[WHAT YOU ARE ASKED TO DO]: Below are records with pictures in them. Transcribe everything from the line containing "数据显示,2024年第一季度" down to the line containing "Pictured is the", exactly, and leave the pictures behind.

[GIVEN DATA]:

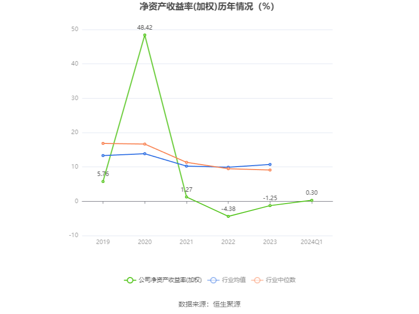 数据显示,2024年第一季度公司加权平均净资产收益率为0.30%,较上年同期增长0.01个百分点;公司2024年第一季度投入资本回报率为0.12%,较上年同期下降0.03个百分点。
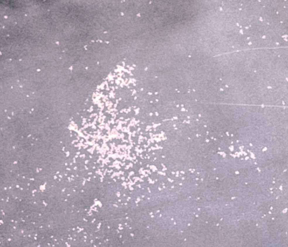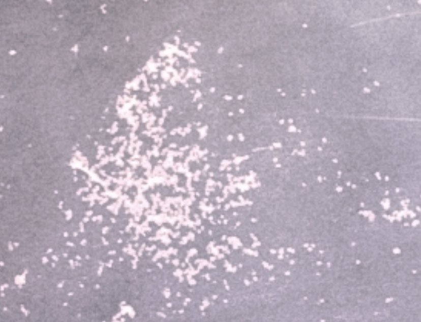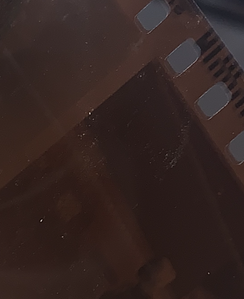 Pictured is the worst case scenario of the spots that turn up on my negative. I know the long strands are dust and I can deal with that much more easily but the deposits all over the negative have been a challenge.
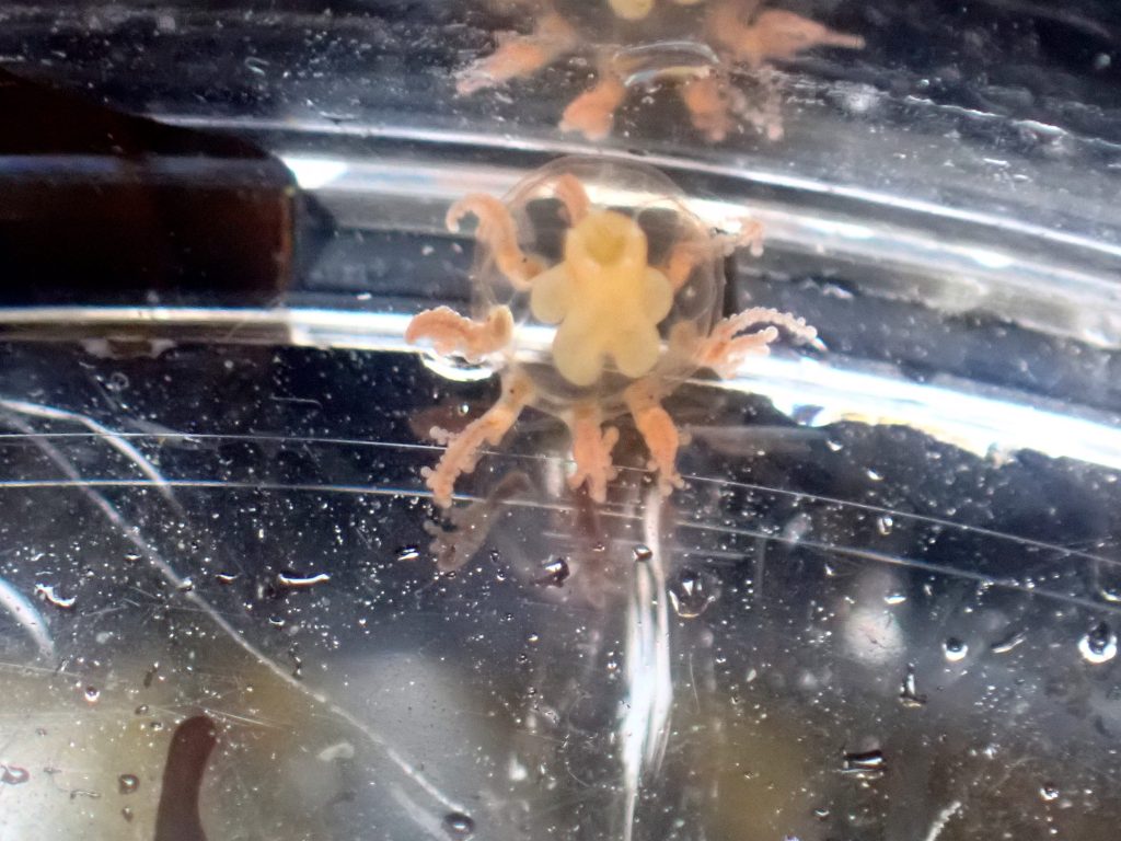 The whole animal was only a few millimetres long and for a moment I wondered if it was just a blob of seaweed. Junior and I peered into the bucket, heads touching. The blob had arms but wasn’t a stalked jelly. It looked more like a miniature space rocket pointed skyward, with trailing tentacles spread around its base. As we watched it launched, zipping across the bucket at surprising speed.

---

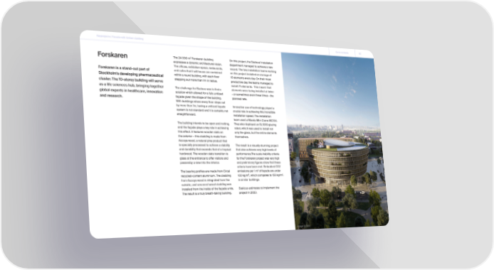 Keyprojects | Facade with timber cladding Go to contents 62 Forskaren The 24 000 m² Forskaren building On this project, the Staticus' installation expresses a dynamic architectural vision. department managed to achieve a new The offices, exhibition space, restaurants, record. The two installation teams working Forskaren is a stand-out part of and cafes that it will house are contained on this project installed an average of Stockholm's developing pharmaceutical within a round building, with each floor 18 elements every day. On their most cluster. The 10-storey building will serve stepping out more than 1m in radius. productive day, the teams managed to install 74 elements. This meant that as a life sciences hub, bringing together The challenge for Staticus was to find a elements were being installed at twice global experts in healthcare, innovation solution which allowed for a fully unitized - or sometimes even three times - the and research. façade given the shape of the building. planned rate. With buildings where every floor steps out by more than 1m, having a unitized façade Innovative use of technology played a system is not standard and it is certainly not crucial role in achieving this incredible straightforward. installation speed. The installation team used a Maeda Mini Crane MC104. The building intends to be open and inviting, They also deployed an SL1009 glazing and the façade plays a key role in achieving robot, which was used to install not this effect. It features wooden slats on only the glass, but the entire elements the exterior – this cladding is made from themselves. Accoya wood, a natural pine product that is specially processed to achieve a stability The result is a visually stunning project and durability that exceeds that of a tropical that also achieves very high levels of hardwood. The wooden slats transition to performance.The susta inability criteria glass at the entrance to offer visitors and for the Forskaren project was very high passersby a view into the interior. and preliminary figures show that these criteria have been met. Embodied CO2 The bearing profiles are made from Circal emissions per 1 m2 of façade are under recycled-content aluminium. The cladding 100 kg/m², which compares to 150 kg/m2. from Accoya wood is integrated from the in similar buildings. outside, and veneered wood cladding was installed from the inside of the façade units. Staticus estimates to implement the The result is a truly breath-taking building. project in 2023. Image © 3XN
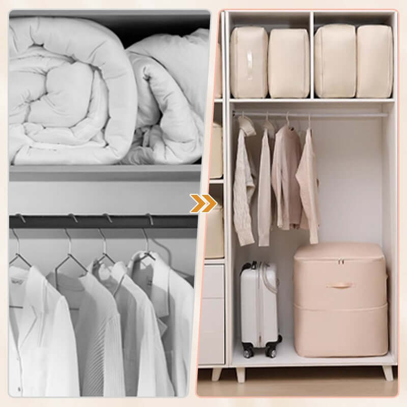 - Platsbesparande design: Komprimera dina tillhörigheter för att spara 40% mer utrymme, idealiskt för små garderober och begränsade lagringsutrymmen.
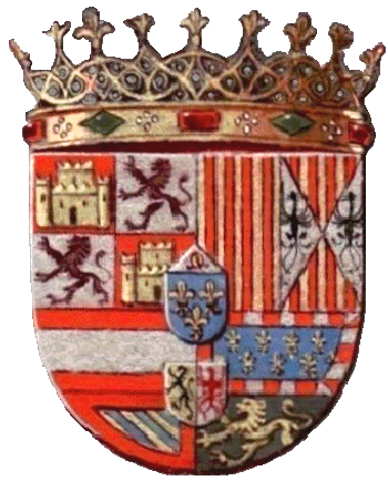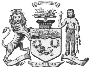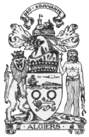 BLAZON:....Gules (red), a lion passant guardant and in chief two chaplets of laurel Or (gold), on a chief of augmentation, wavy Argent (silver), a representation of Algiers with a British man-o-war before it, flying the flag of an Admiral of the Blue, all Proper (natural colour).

[SOLUTION TO THIS PROBLEM]:
 数据显示,2024年第一季度公司加权平均净资产收益率为0.30%,较上年同期增长0.01个百分点;公司2024年第一季度投入资本回报率为0.12%,较上年同期下降0.03个百分点。
 Pictured is the worst case scenario of the spots that turn up on my negative. I know the long strands are dust and I can deal with that much more easily but the deposits all over the negative have been a challenge.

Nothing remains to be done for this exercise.